:: Raw data ::
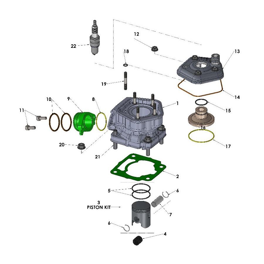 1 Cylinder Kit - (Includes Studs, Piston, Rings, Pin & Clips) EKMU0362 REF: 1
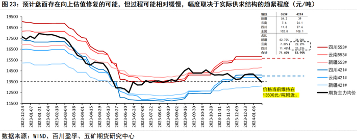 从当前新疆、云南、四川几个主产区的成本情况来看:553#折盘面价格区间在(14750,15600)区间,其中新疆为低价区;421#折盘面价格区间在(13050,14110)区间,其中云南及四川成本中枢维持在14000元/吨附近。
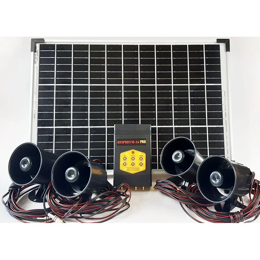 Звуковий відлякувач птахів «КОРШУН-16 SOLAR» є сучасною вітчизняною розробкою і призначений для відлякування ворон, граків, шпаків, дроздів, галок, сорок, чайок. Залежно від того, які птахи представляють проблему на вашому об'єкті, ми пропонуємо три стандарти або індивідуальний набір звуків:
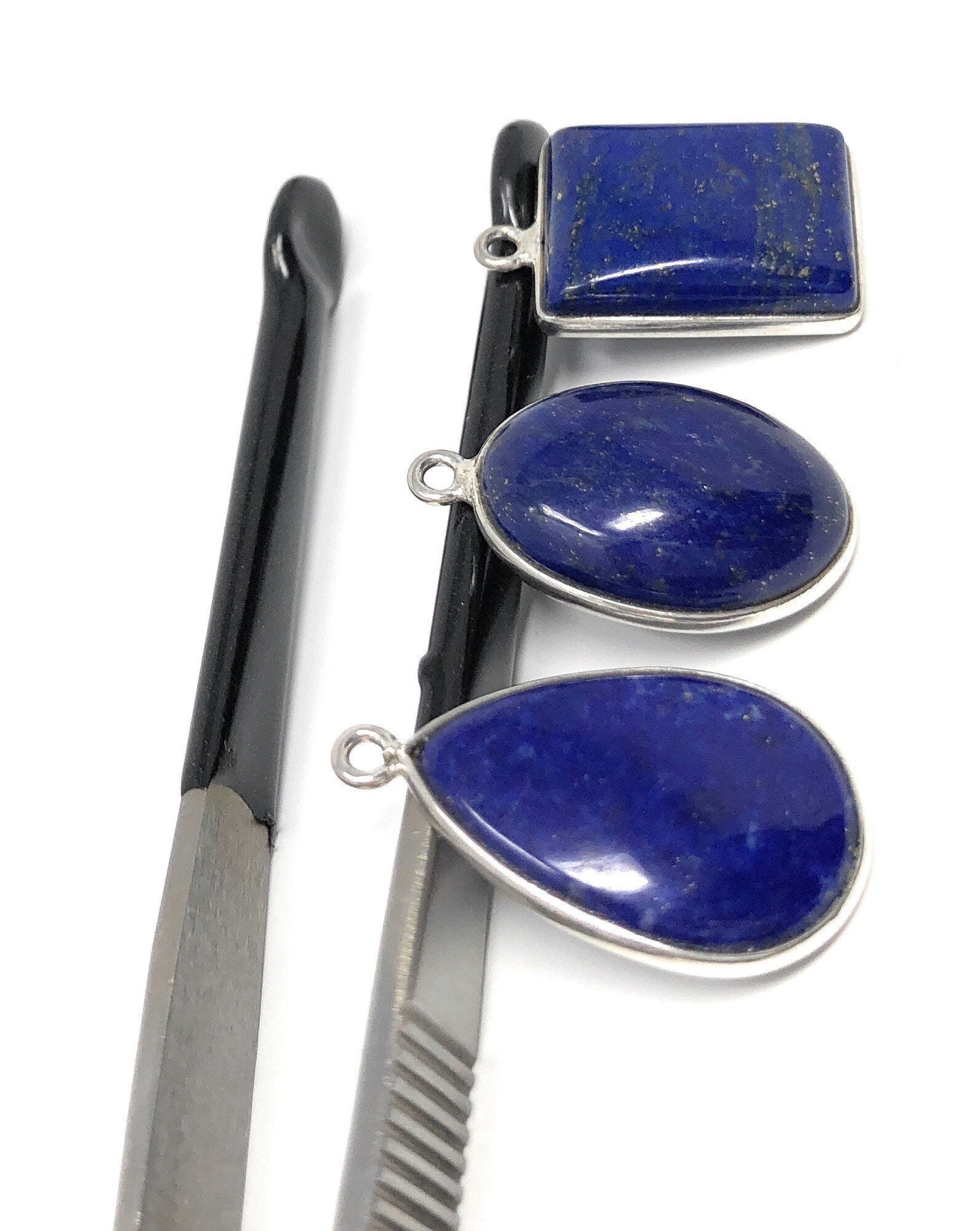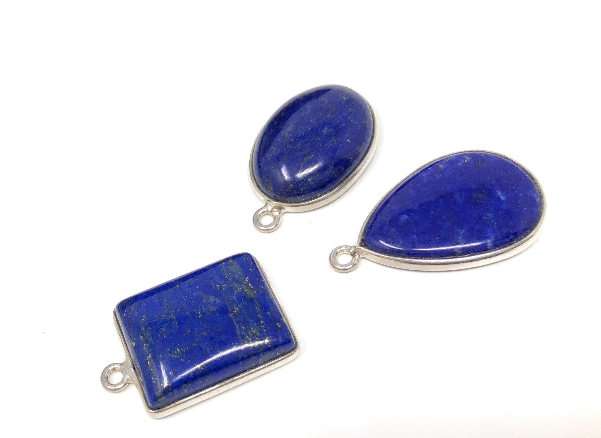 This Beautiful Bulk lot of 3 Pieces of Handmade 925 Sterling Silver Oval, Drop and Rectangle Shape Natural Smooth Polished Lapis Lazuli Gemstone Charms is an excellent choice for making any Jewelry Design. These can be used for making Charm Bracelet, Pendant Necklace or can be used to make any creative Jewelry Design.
:::
:: Raw data ::
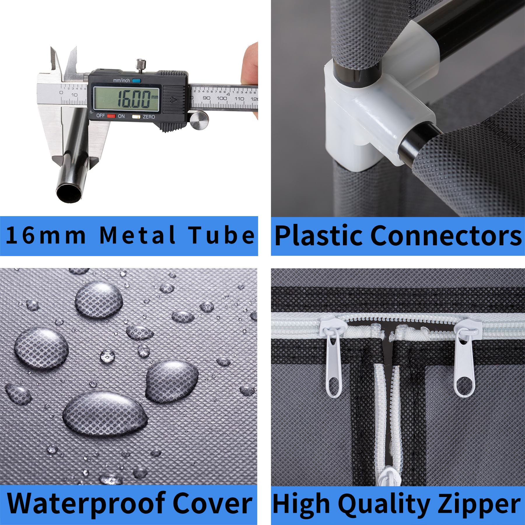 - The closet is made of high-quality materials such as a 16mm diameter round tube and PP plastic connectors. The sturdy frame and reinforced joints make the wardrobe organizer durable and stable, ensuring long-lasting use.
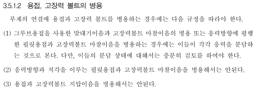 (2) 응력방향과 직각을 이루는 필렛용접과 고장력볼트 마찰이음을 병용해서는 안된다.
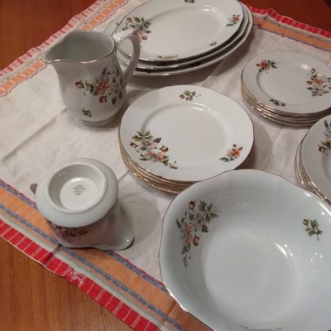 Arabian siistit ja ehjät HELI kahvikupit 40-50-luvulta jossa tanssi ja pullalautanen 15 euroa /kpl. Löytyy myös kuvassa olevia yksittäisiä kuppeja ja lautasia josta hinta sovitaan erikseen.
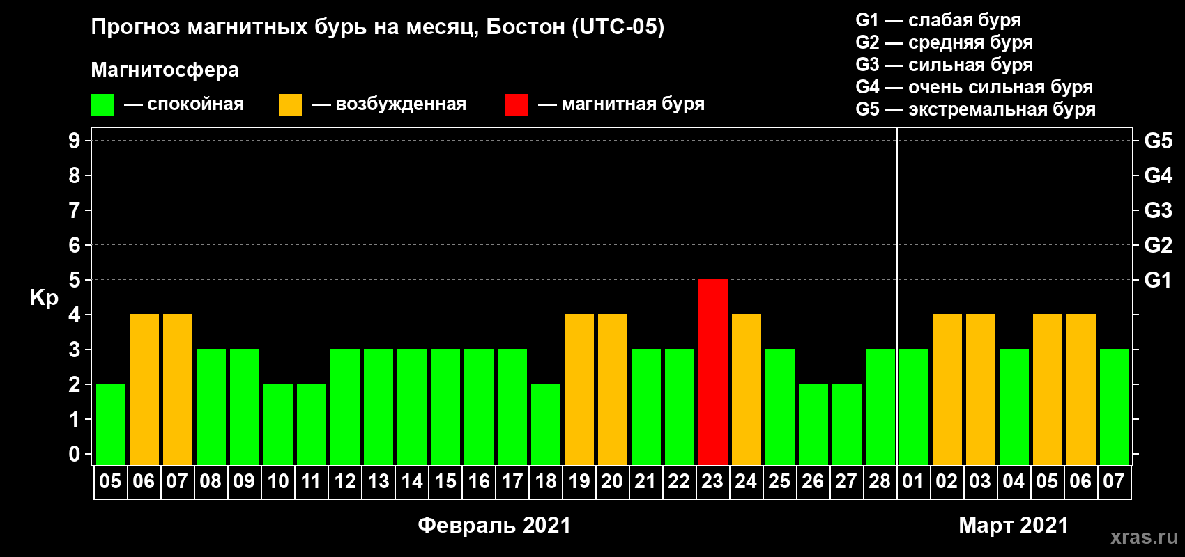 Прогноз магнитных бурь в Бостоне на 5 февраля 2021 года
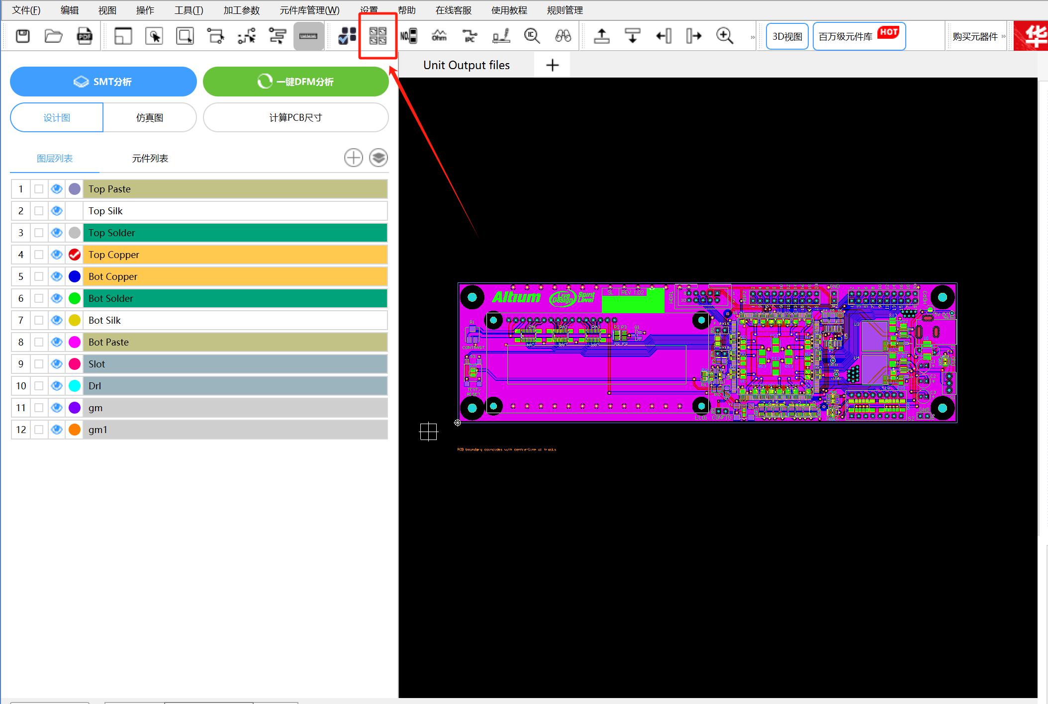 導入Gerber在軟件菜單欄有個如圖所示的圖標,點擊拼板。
:::
**Your objective**
Take the material above and output only the lines from the one that contains "Прогноз магнитных бурь" through the one that contains "導入Gerber在軟件菜單欄有個如圖所示的圖標,點擊拼板。", ends included and images left out.

**The answer**
 Прогноз магнитных бурь в Бостоне на 5 февраля 2021 года
 導入Gerber在軟件菜單欄有個如圖所示的圖標,點擊拼板。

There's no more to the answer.